Data for the task START

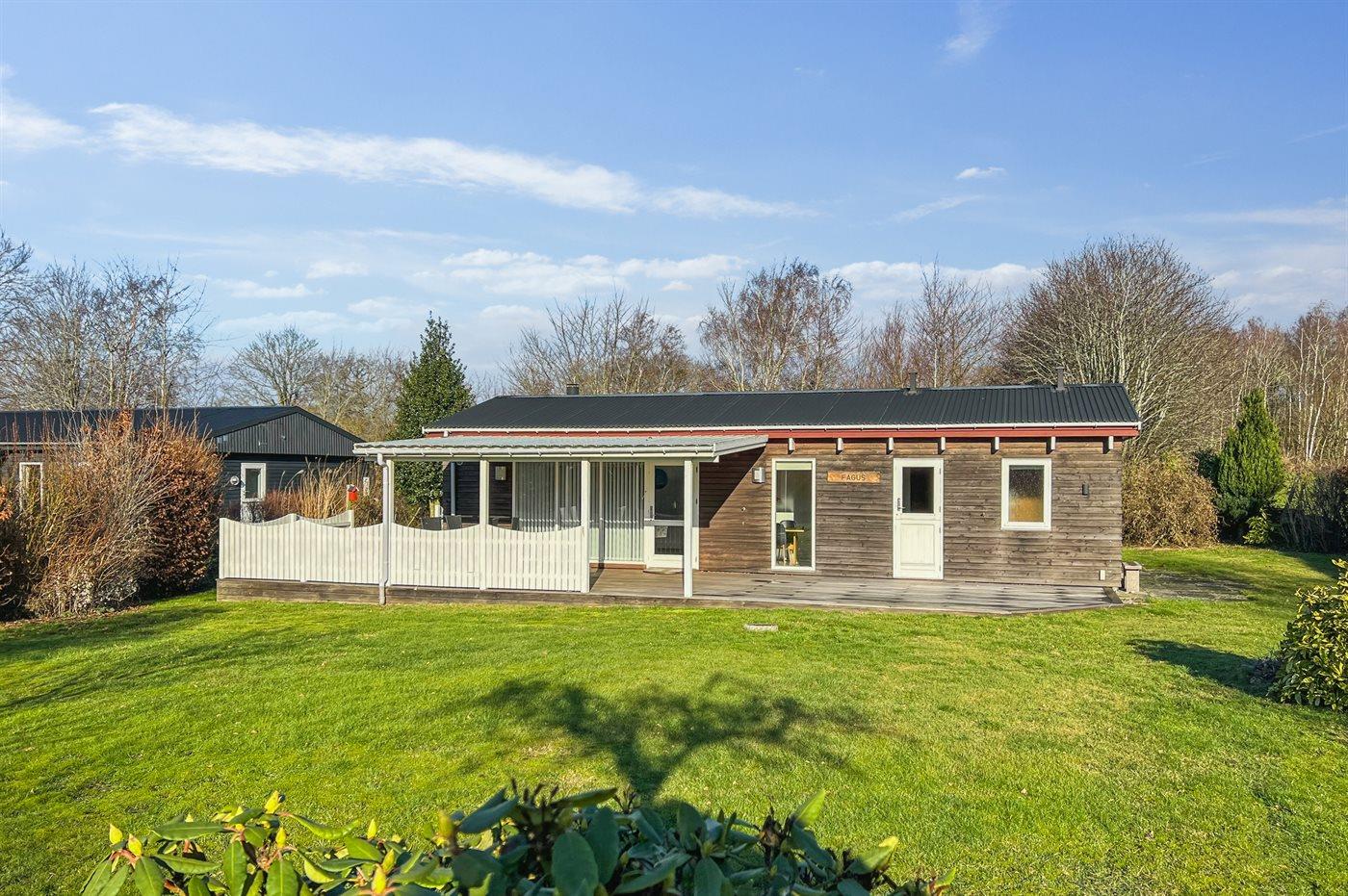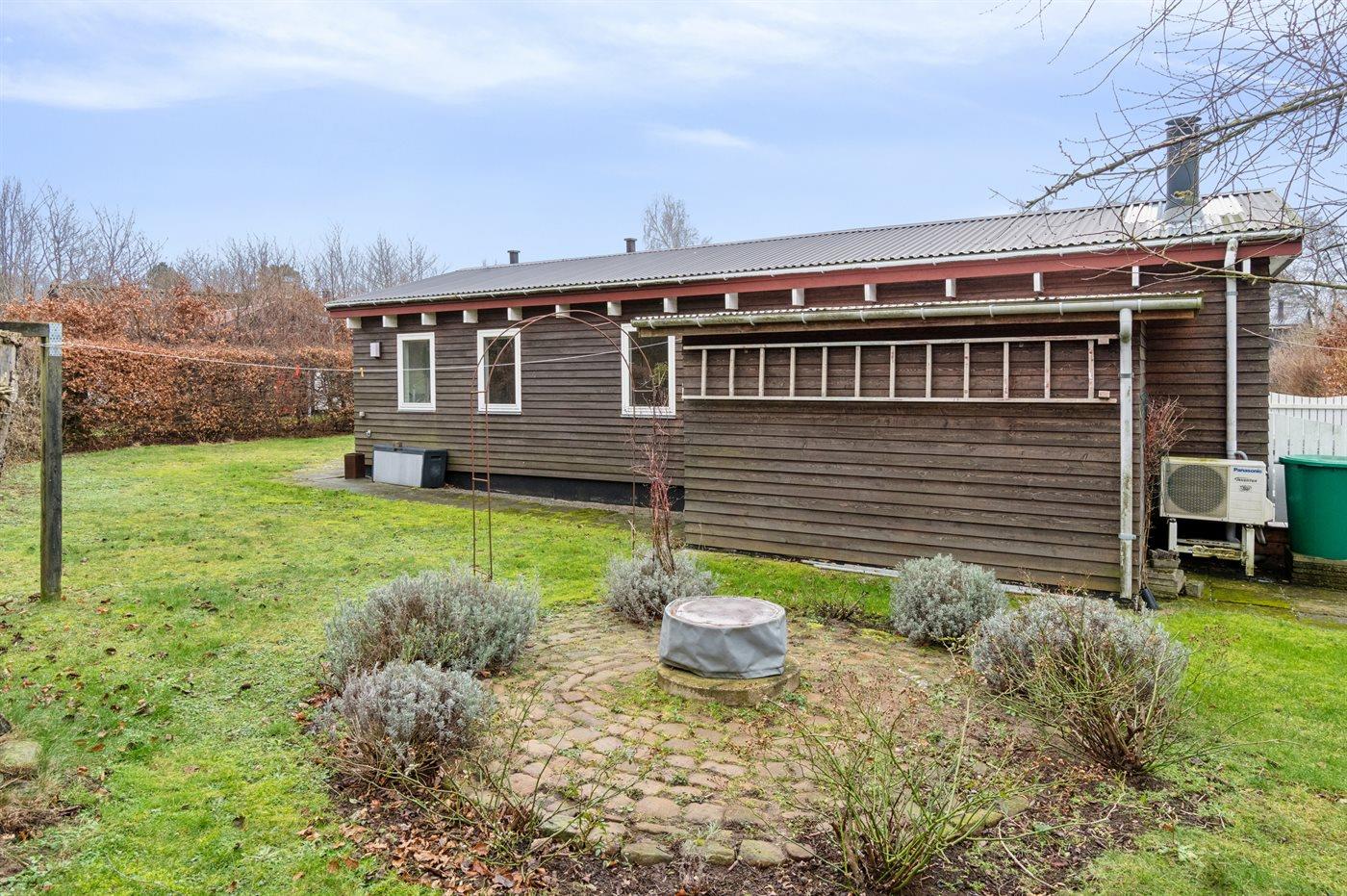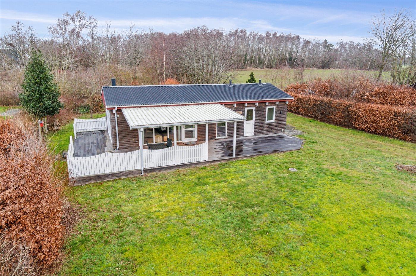 Husets ydervægge er beklædt med træværk, så huset har en helt speciel karakter. Der findes åben og fin, overdækket terrasse, der indbyder til timer i det fri, hvor du kan nyde solen, en god bog er eller udsigten til de nære omgivelser.
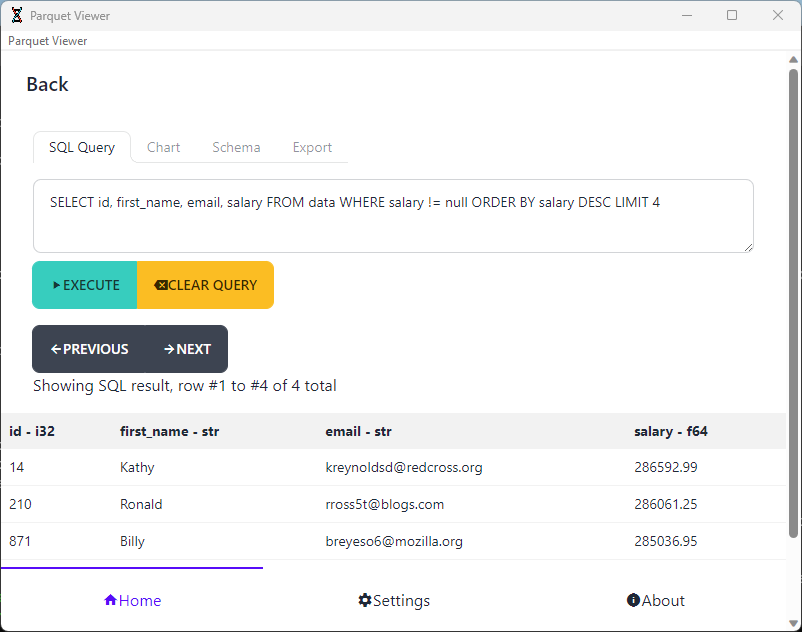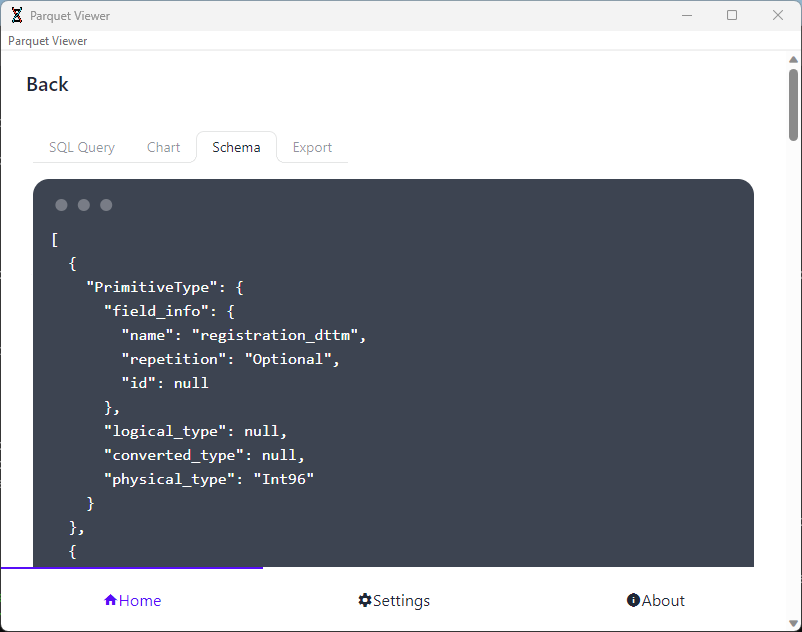 Parquet Viewer is a fast and easy parquet file reader. It lets you read parquet files directly on your PC. Perfect for a quick viewing of your parquet files, no need to fiddle with any programming libraries.
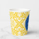 Vasos De Papel Patrón de damasco femenino chic azul y amarillo
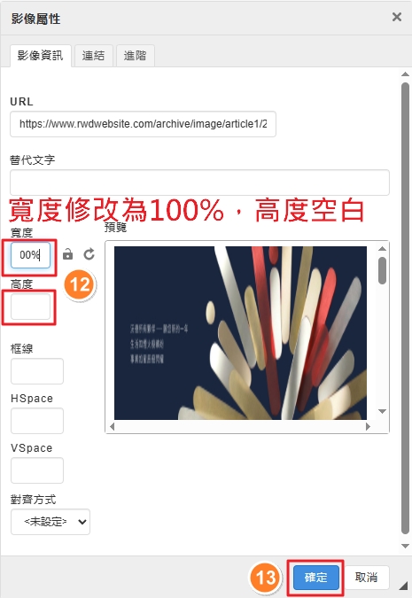 為了確保圖片在不同裝置 (電腦/平板/手機) 正常顯示,請務必設定「影像屬性」。
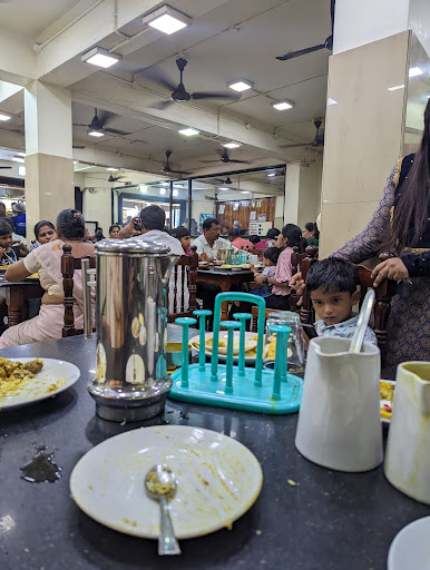 Went to the restaurant for lunch, but it was incredibly busy with all the seats occupied. While the ambiance was average, it had a good dining capacity. I decided to order a meal, that had white rice, some side dishes, pickles, and papadam. It turned out to be a satisfying choice, and I also tried their fish fry and lime juice. Everything I ordered was enjoyable, with the meal priced at 60 rs, the fish fry at 105 rs for tuna, and the lime juice at 25 rs. However, the downside was the slow service; it felt like the restaurant could benefit from hiring more staff, given its bustling nature. On a positive note, the washroom and wash area were clean, and the restaurant was easily accessible, although only street parking was available.
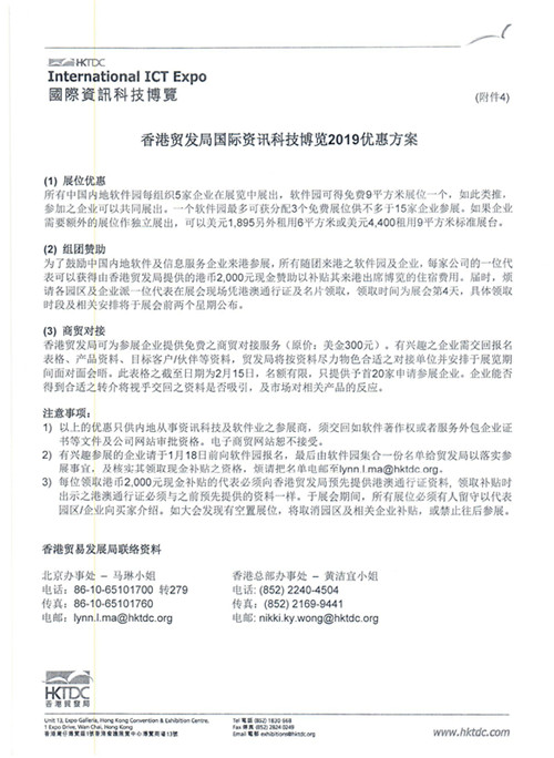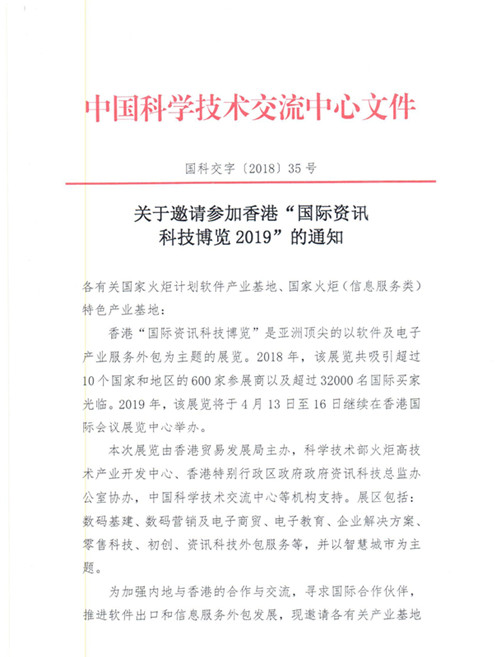 關(guān)于邀請參加香港“國際資訊科技博覽2019”的通知
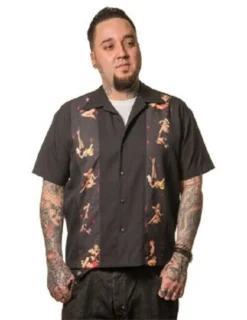 Steady Clothing Mid Century Marvel Bowling Rockabilly Charcoal Button Down Shirt ST35375
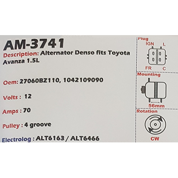 Alternator Suzuki Ignis - JIimny - Swift 1.3L - 1.5L - 1.6L 12V 70A - AM-3600
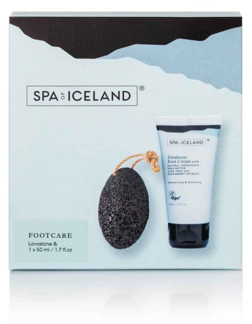 Fallegt gjafasett frá SPA of Iceland sem inniheldur fótakrem og vikurstein.

Data for the task END

**Work to complete:**
The answer must consist solely of the lines from the first line of the records through the line containing "為了確保圖片在不同裝置 (電腦/平板/手機) 正常顯示,請務必設定「影像屬性」。", reproduced exactly and without the pictures.

**Solution to the exercise:**
 Husets ydervægge er beklædt med træværk, så huset har en helt speciel karakter. Der findes åben og fin, overdækket terrasse, der indbyder til timer i det fri, hvor du kan nyde solen, en god bog er eller udsigten til de nære omgivelser.
 Parquet Viewer is a fast and easy parquet file reader. It lets you read parquet files directly on your PC. Perfect for a quick viewing of your parquet files, no need to fiddle with any programming libraries.
 Vasos De Papel Patrón de damasco femenino chic azul y amarillo
 為了確保圖片在不同裝置 (電腦/平板/手機) 正常顯示,請務必設定「影像屬性」。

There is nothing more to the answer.